Non-profit groups helping tenants find homes in the Yukon By David Gargaro
Finding affordable housing for people with mental health conditions or on social assistance is a challenge during the best of times. Trying to do so during a pandemic makes it even more difficult. Homelessness is a growing problem for people with mental health conditions, and the current situation has made it even more prevalent. The shortage of affordable housing combined with the increase in poverty has led to a rise in homelessness in many municipalities. Government disability support services provide vulnerable people with financial support for housing. However, they also need help with finding a place to live, which can be difficult for people with a mental health condition. One such program is called Landlords Working to End Homelessness (LWEH), which helps to find rental housing for vulnerable people living in Whitehorse.
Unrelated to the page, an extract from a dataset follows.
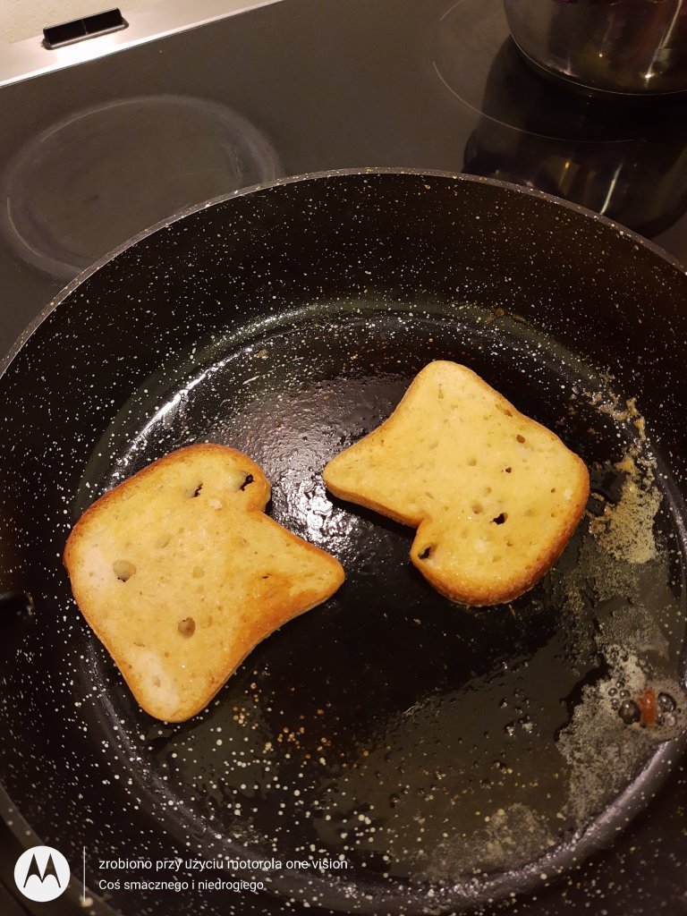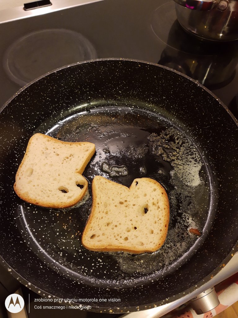 Na rozgrzanej patelni powoli rozpuszczam masło i umieszczam chleb, który przyrumieniam z obu stron.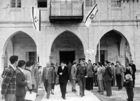 יצחק בן- צבי, נשיא המדינה, מבקר בעיר באר שבע. הנשיא, בליווי ראש העירייה, יוצא מבניין העירייה. 1953 (PHG\1014737)

This initiative was founded in 2013 by Blood Ties Four Directions, whose mission it is to “eliminate barriers and create opportunities to have equal access to health & wellness and to live in our community with dignity.” The non-profit group (NPG) rents the unit from the landlord and supports the tenant as required. In exchange, the tenant pays rent to Blood Ties Four Directions. The LWEH program helps vulnerable people to find a safe and affordable place to live. It also helps rental property owners to maintain stable tenancies with people who need housing. Under the program, the NPG leases the unit from the rental property owner, becoming the effective tenant, and assumes all responsibility for paying the rent on time, avoiding and repairing damage to the unit, being a good tenant, and providing notice upon termination of tenancy. The
32 | October 2020
NPG’s client sublets the unit and receives ongoing support from the NPG to make sure they are housed successfully. The LWEH program helps to provide access to rental housing where tenants would not have been considered. Even when a prospective tenant has the funds to pay for rent, the fact that they are on social assistance often limits their housing options. Having an NPG on a tenant’s side to handle communications and conflict can help to make rental property owners more comfortable with providing the rental. Being able to deal with a professional group that will manage communications and solve issues with tenants will encourage more rental property owners to get involved in the program and provide more units for rent. Other NPGs in the Yukon that work with the homeless population and vulnerable groups have joined the LWEH program to help people who come to them for assistance with finding rental housing. The Victoria Faulkner Women’s Centre contacts rental property owners to offer a responsible tenant to fill available units. Staff at the centre promise to keep an eye on the tenant to ensure that they don’t damage the unit. To participate in the LWEH program, tenants must agree to
receive weekly visits, which allows centre staff to stay on top of issues and see how their client is doing with counselling, work, school, and other issues. Staff at the Victoria Faulkner Women’s Centre also handle communication between the property owner and tenant. This includes mediating conflicts, helping to prevent evictions, and handling repairs to damage caused by the tenant. The Fetal Alcohol Spectrum Society Yukon (FASSY) has managed a number of rental units and housed about 20 tenants over the past two years. Although this NPG has faced challenges, primarily from damage to the units, it has found value in the LWEH program. FASSY’s staff is trained to deal with people who have Fetal Alcohol Spectrum Syndrome (FASD), who require support but not constant, around-the-clock care. The NPG takes care of communication with tenants, and checks in with them regularly to make sure that they are paying their rent. They also deal with issues that come up with other tenants, as their clients don’t always have the requisite social skills to handle conflict with other people.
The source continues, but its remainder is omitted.